When was I growing up, Memphis was a minor-league sports graveyard, so our “home team” was Lawler, a local who went from being a skinny kid from Treadwell High to the Southern champ in less than five years. (Which, where I grew up, pretty much made you a legend.) The “home field” was a bloodstained mat at the Coliseum that served as a stage to some of the most outrageous gimmick bouts and colorful performers in the history of the professional wrestling business-which is saying a helluva lot.

I suppose it’s only fitting that Lawler, who attended Memphis State University briefly on an art scholarship, continued working on a different kind of canvas–-one riddled with razor-blade-induced blood drops that made it appear like an abstract painting. In the ’70s, the local joke was that if a professional sports franchise were ever to succeed in Memphis, they’d have to present pro wrestling matches at halftime. While short-lived franchises like the Grizzlies (World Football League) folded because of poor attendance, the headlining feud of Jackie Fargo vs. Jerry Lawler attracted an average of nearly 10,000 fans to the Coliseum every Monday night as they battled over the right for rasslin’ supremacy in the River City.

Lawler became a bonafide star in 1974, with the brash cocky upstart eventually unseating the legendary Fargo for the Memphis throne after a series of bouts, including several overflow sellouts at the Coliseum. Memphis promoter Jerry Jarrett recalls that the program basically wrote itself, as Fargo had helped Jerry break into the business: a classic case of the teacher–the aging superstar–fending off his pupil, the young buck trying to knock him off the top of the mountain.
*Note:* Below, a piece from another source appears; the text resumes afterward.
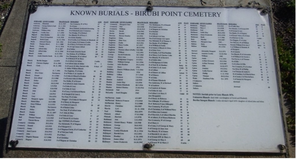 The following list of the deceased buried in the cemetery is obtained from a plaque of ‘Known Burials – Birubi Point Cemetery’ located on a plinth at the cemetery.

“Jackie was a disc jockey in his spare time, and Jerry was one of his interns, or as Fargo jokingly called him, ‘my lackey,’” recalls Jarrett. “Lawler [submitted] some wonderful sketches he’d done of the matches, and Lance Russell eventually started showing them on the air when giving the results of the previous week’s matches at the [Ellis] Auditorium. So when Jerry later became a big star and threatened his top spot, there really was some resentment there, though Jackie did everything he could to get Lawler over.” Lawler’s story of how he broke into the business with his artwork is included in the Extras section of the newly released “Heat” DVD, along with the tale of a diabolical plot involving Mario Galento that could have very well changed the course of Memphis wrestling had he been successful. (To give you an idea of Mario’s evil mug, I believe costume manufacturers used his face as the mold for the traditional Satan rubber masks that rise from the depths of retail hell every Halloween.)

Announcer Dave Brown, who was not interviewed for the documentary, told me that it was Jackie’s willingness to create a new star that made the program so successful–including perhaps the largest crowd ever at the Coliseum, with 11,783 fans on hand on June 24, 1974, for a card headlined by Fargo vs. Lawler.

“The key to the transition was Jackie,” he says. “Jackie was so good at selling [a loss] that he was over even more than he was before-and Jerry was now a star. Jackie had a willingness to make the program work; he could have said, ‘I’m the star, and I don’t want to do it.’ But he was on board.”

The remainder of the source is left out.